Are you saying that the previous version of dump_zip_upload placed the dump file in RAM before uploading to S3? So, committing a 1GB file would never be able to dump to S3 on our current production VMs (since all our VMs are quite low on RAM)?

Now regarding the disk being full, it can easily be fixed by a catch clause. What do you think?

That would still fail, right? I would like it to stream to S3 and get the dump backed up.

Consider the scenario:

A VM is low on disk space and we have failed to notice the alarms.

User commits successfully but consumes almost all the remaining disk space.

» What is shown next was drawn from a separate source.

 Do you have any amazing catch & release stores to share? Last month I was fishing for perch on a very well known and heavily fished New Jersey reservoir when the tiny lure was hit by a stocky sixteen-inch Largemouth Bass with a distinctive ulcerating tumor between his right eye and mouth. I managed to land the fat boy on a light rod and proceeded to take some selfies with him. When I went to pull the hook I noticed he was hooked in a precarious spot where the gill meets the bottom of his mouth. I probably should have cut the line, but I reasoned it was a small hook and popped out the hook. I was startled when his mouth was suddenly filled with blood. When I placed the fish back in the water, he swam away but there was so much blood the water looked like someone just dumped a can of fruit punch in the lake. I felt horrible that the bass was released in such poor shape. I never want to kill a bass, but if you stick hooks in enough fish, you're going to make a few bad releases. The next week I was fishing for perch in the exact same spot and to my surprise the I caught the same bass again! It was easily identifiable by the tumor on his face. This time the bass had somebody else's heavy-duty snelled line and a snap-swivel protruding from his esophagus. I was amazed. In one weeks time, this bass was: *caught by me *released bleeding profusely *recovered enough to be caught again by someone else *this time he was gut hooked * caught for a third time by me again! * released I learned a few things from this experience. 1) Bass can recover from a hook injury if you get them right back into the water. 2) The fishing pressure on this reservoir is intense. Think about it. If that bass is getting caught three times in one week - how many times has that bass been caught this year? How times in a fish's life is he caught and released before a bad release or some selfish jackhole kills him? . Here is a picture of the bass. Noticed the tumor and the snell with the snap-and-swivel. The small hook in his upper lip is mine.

svndumpsub should not use disk and successfully stream the commit to S3

VM fails unrecoverably

We can restore to a new VM including the last commit.

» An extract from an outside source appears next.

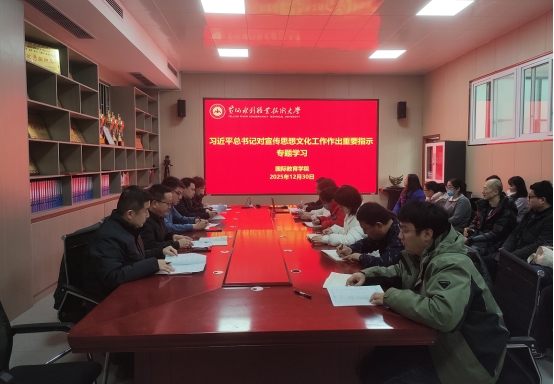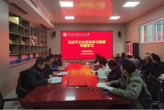 为贯彻落实《黄水2025年下半年政治理论学习及思想道德教育计划》学习要求,12月30日,国际教育学院组织教职工传达学习习近平总书记对宣传思想文化工作作出重要指示、习近平总书记在文化传承发展座谈会上的讲话和习近平文化思想学习纲要,引导广大师生进一步学懂弄通做实习近平新时代中国特色社会主义思想,深入学习贯彻习近平文化思想,更加深刻领悟“两个确立”的决定性意义,增强“四个意识”、坚定“四个自信”、做到“两个维护”,为以中国式现代化全面推进强国建设、民族复兴伟业而努力奋斗。

Are you saying that the previous version of dump_zip_upload placed the dump file in RAM before uploading to S3? So, committing a 1GB file would never be able to dump to S3 on our current production VMs (since all our VMs are quite low on RAM)?

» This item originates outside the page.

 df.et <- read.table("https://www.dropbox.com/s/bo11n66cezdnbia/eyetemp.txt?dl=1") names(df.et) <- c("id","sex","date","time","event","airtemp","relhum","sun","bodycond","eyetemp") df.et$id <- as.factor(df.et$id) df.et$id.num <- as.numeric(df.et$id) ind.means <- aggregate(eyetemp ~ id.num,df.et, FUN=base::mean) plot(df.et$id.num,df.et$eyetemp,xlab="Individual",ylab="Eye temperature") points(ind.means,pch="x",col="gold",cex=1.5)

Yes that's my conclusion reading the documentation and similar reports. Now as to why it still works in production, couldn't it be due to the OS swapping the overhead to the disk? Also it is the compressed gzip archive that is buffered.

That would still fail, right? I would like it to stream to S3 and get the dump backed up.

Consider the scenario:

* A VM is low on disk space and we have failed to notice the alarms. * User commits successfully but consumes almost all the remaining disk space. * svndumpsub should not use disk and successfully stream the commit to S3 * VM fails unrecoverably * We can restore to a new VM including the last commit.

In this scenario the previous approach is unpredictable at best. Perhaps it would be safest to avoid using the disk altogether and dump, compress and upload the data in memory and chunk by chunk?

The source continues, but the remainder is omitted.